In this guest post, Dr. Janice Frates offers ways for healthcare providers to use caring, concern and affordability as medical practice marketing tools. Here are her suggestions to build rapport and inspire patient satisfaction because tough times are here to stay.

Janice Frates, PhDGradually, it’s dawning on all of us that the current recession is now the “new normal.” Economic growth is low, unemployment remains high, and 30 percent of homeowners owe more on their mortgage than their house’s market value.

People feel poorer, with good reason. Over two-thirds of Americans experienced a decline in net worth between 2007 and 2009. Most of this decline was due to reduced housing values, but stock and business equity losses also played a role. Median income adjusted for inflation declined seven percent from 2000 to 2010, the worst 10-year trend since the 1960s.

Squeezed by higher out-of-pocket costs, and with diminished economic prospects, Americans are becoming more cautious health care consumers. Patients are skipping or delaying many types of elective medical and dental care, and skimping on use of prescription drugs.

Almost half of respondents to a recent Consumer Reports survey reported taking steps to avoid medical care expenses, including some potentially risky actions to limit prescription drug costs: Not filling or refilling a prescription, taking an expired medication, sharing a prescription with someone else, and skipping a scheduled dose or splitting pills without consulting their physician or a pharmacist.

Medicare patients who reach the “doughnut hole” without any type of supplemental Part D coverage are twice as likely to discontinue taking medication as those who receive financial assistance. At the other end of the age spectrum, diaper-rash cream sales are rising as parents cut back on diaper purchases.

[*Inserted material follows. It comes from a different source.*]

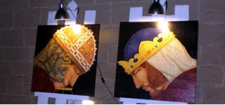 Immagini, inoltre, di forte persuasione sono quelle esposte per l’occasione dall’artista Gino Donvito. C’è una forte attenzione per gli intensi colori, per l’indagine dei dettagli, per i particolari fisionomici, per il trattamento del legno utilizzato rigorosamente in maniera medioevale.

How physicians can help patients who are experiencing financial stress – and why it’s good business to do so:

  • Ask how your patients are faring in these difficult economic times. A general question reflects your concern about their overall wellbeing, and offers an opportunity for them to let you know if they are struggling. (“The past few years have been tough for a lot of people – how about you?”)
  • Ask patients with private insurance coverage if changes in their health insurance have increased their out-of-pocket costs. (“Health insurance costs more every year – are you having to pay more now for your care?”)
  • Be aware of, and talk about, treatment costs, especially for drugs. If your patients experience sticker shock at the pharmacy, at best they will wish you had given them some warning. At worst, they will consider you clueless—and they may not fill the prescription. So if you are prescribing an expensive medication, let patients know it will be costly and how you feel it will benefit them. (“This drug is expensive, but it will help you because…”).
  • Offer patients with affordability concerns information about resources that can help them. Several large retail chains offer pharmacy discount programs for commonly prescribed generics. Patients and providers can obtain free or low cost brand name medications through drug company pharmacy assistance programs.
  • You make it easier for patients to pay you by accepting credit cards, allowing phased payments, or providing other affordability options that might be appropriate in your practice situation.

Empathy can be as important as any clinical skill in patient satisfaction and retention. People remember who cared, and who helped, when times were tough for them. Doctors who take time to ask questions and are able to offer some practical information to patients experiencing financial stress will earn their long-term loyalty.